European stock markets fall amid China concerns
At home, all eyes were Michael Noonan's Budget yesterday, but it was a choppy day for European stock markets as Chinese trade data pointed to continued weakness in the country's economy.
China's exports fell less than expected in September but a sharper fall in imports left economists divided over whether the country's ailing trade sector is showing signs of turning around. The data was not enough to suggest a greater risk of a hard landing, but it did feed expectations that Beijing will cut interest rates again soon and announce other measures to avert a sharper economic slowdown.

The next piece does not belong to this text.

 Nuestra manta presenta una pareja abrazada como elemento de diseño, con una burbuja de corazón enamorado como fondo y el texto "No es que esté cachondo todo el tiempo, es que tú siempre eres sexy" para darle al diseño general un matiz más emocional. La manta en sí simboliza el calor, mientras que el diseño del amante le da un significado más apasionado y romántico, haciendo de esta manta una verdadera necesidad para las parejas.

The big corporate news of the day was that SABMiller accepted a takeover proposal from Anheuser-Busch, which set out a cash-and-share package currently worth about £69bn (€92bn).

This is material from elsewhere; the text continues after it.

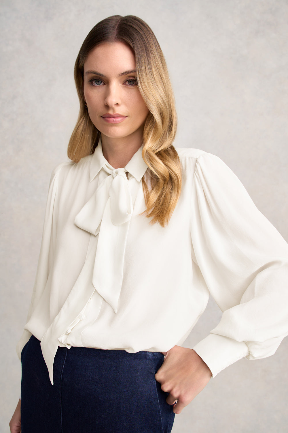 Elegant and versatile, this beautiful shirt is crafted from soft crepe de Chine. With a cutaway neckline, self-covered buttons, and removable tie, it’s designed to be styled your way. Blouson sleeves and gentle gathers add a touch of French refinement.

In Ireland, the ISEQ Overall Index bucked the downward trend of other European bourses, closing 0.3pc, or 18.10 points higher, at 6,151.14. Bank of Ireland fell 1.4pc to 34 cent as Michael Noonan said the bank levy will be extended to 2021.
But other shares ticked up, with Ryanair adding 1.7pc to €12.82 and Kingspan rising 1.8pc to €20.66.
Hotel group Dalata added 2.3pc to €4.40 after it confirmed it's buying the Clarion Hotel in Cork for €35m.
Shares in packaging giant Smurfit Kappa declined 1.6p to €23.70.
Also of Irish interest, Dublin-based aircraft leasing firm AerCap said that it delivered $350m worth of aircraft to customers during the third quarter.
The UK's FTSE-100 fell 0.45pc. Germany's DAX was down 0.86pc and France's CAC-40 was almost 1pc lower.
Weaker-than-expected UK inflation and German investor sentiment reports also pushed bond yields lower.